■ **The data**
━━━━

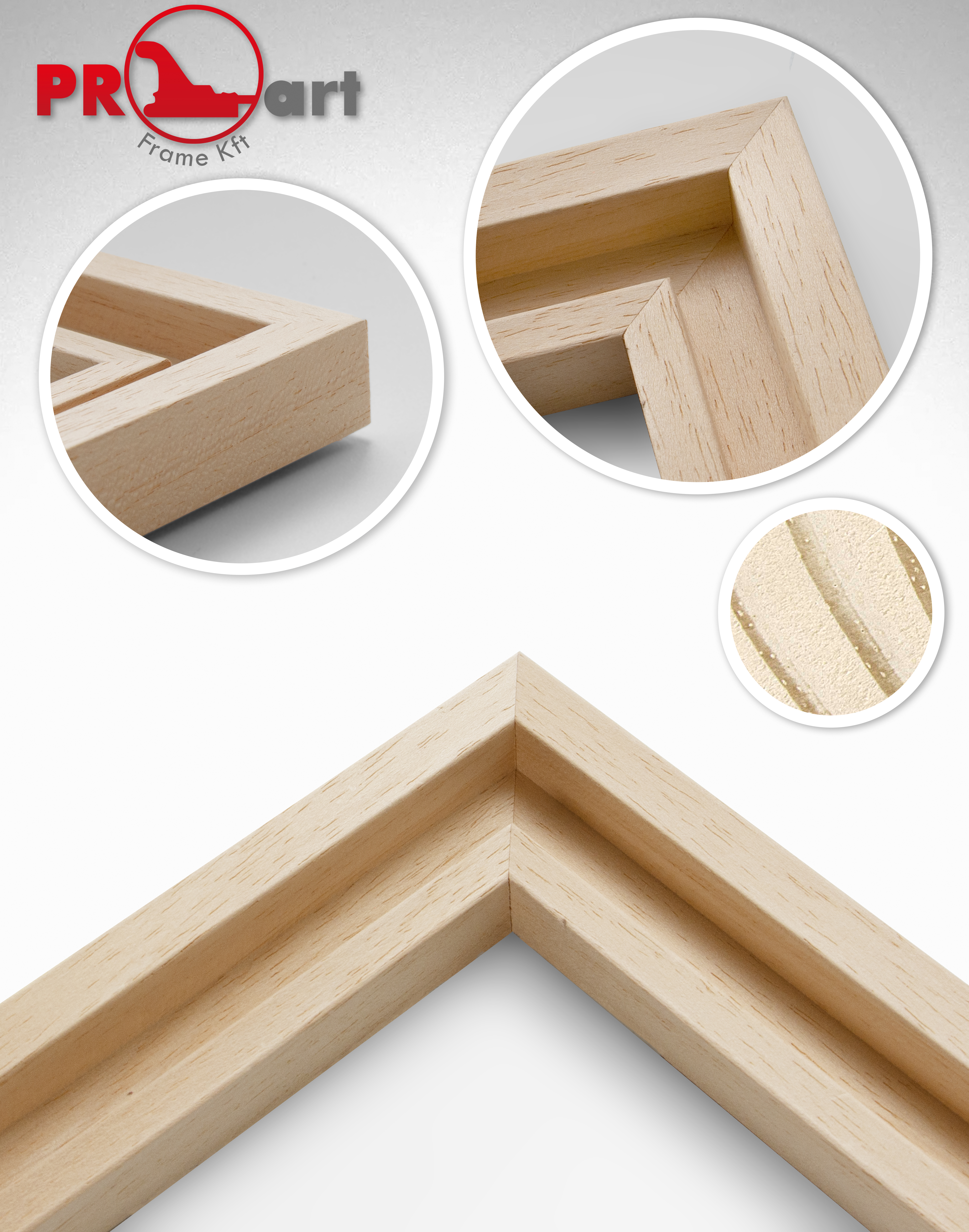 Képkeretléc HR430-000 Kérdése van? Nyers kiállító keret, melynek különlegessége a belső részén található rész, melyre felfektethetünk (felragaszthatunk) bármilyen képet, akár egy síkba hozva azt a keret élével.
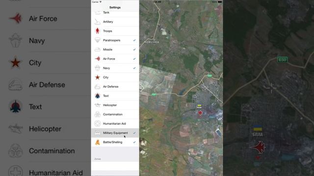 Небольшое видео разрабатываемого MilitaryMaps приложения для Apple iOS
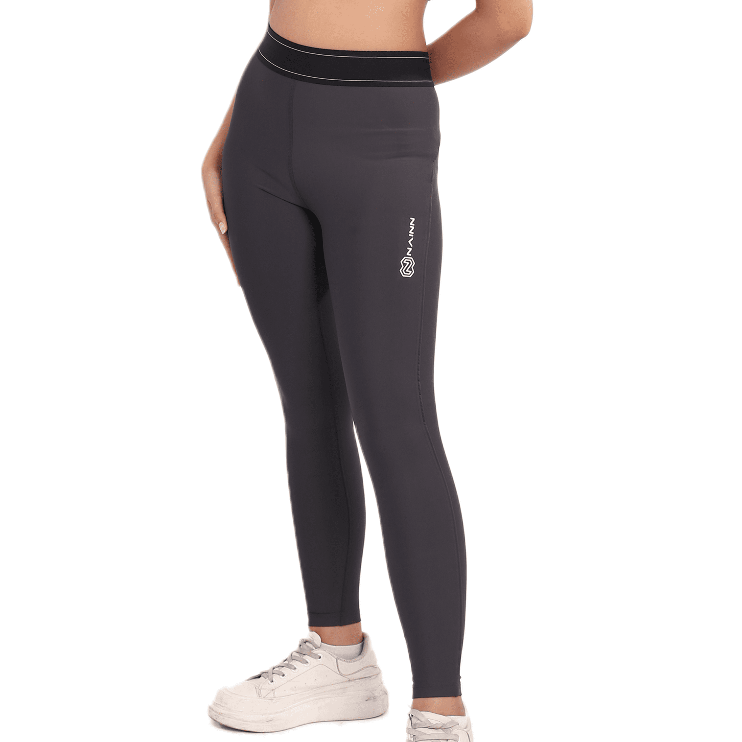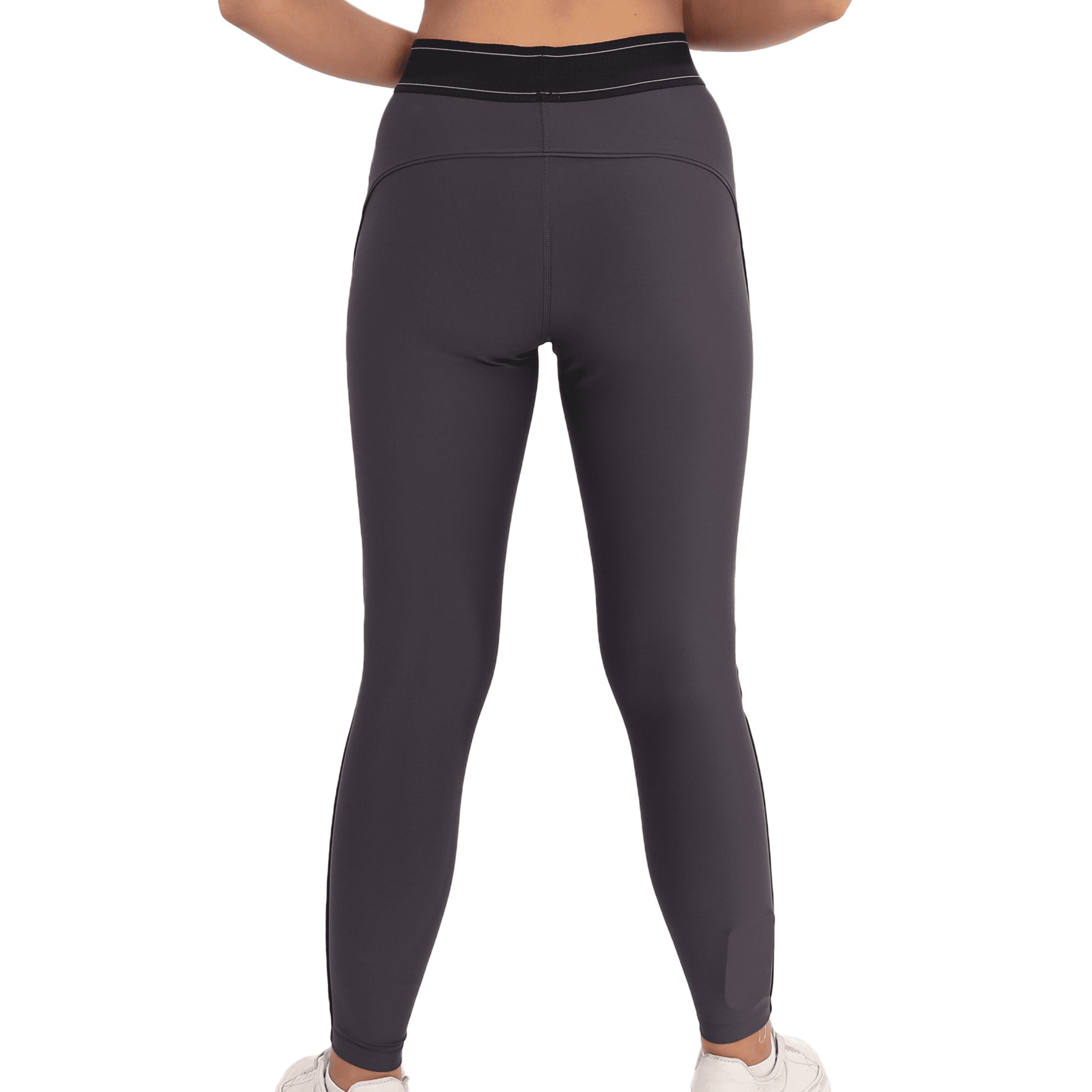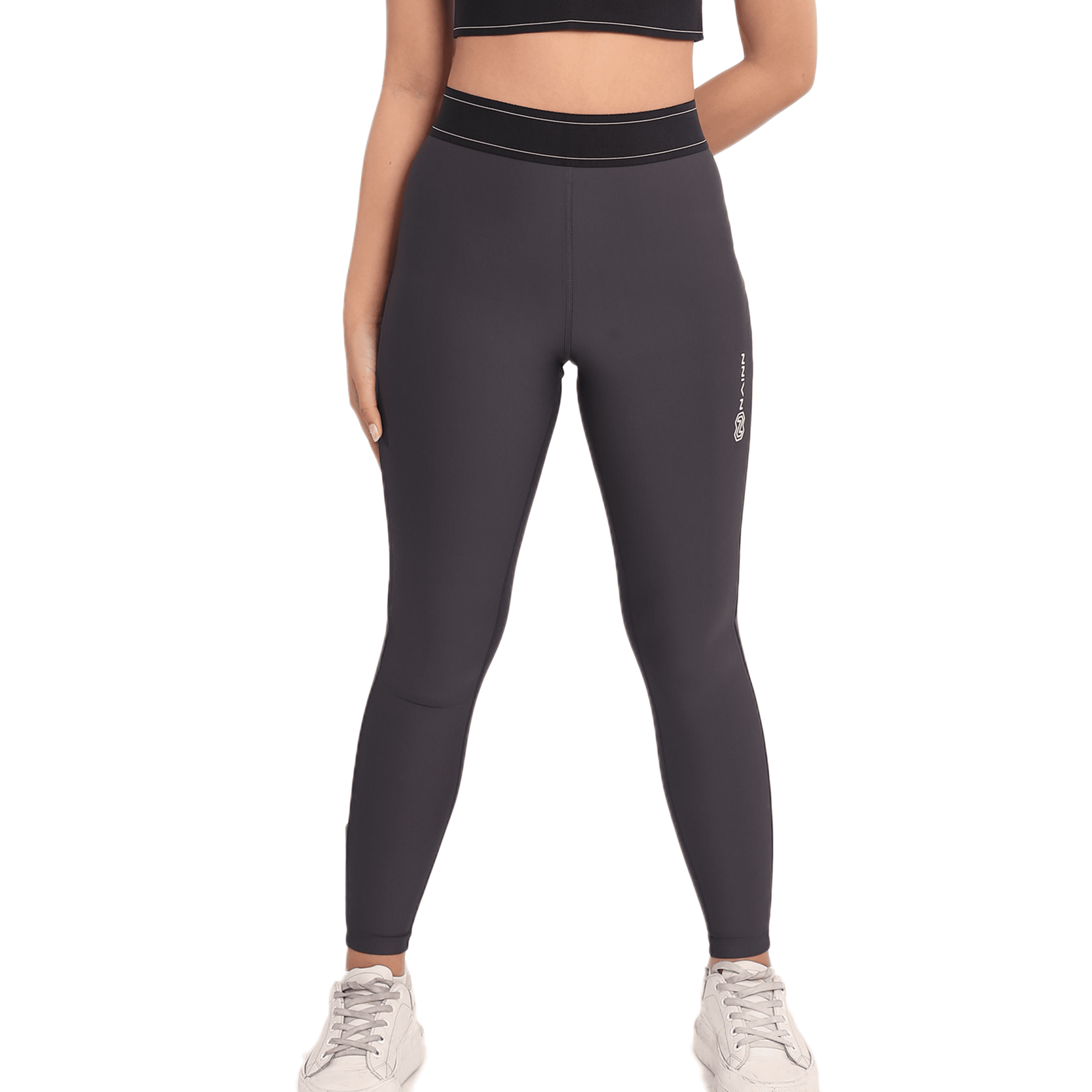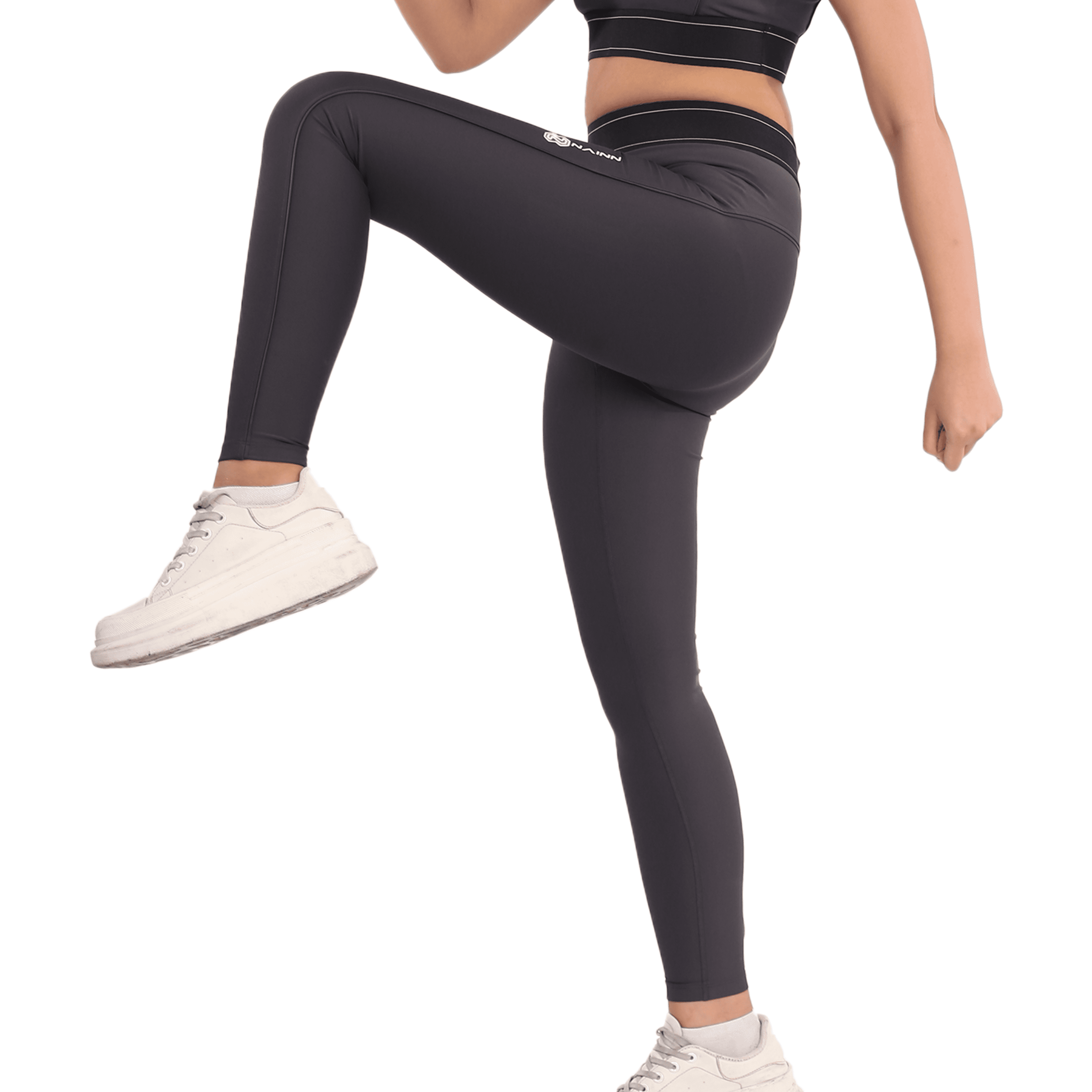 Legging berwarna dark grey yang cocok dipakai untuk beraktivitas olahraga, memiliki teknologi quick dry yang cepat untuk menyerap keringat

━━━━

■ **What to do**
The range to set down runs from the line containing "Небольшое видео разрабатываемого" through the final line of the data, both ends included; give it exactly and drop the pictures.

■ **Response for this exercise**
 Небольшое видео разрабатываемого MilitaryMaps приложения для Apple iOS
 Legging berwarna dark grey yang cocok dipakai untuk beraktivitas olahraga, memiliki teknologi quick dry yang cepat untuk menyerap keringat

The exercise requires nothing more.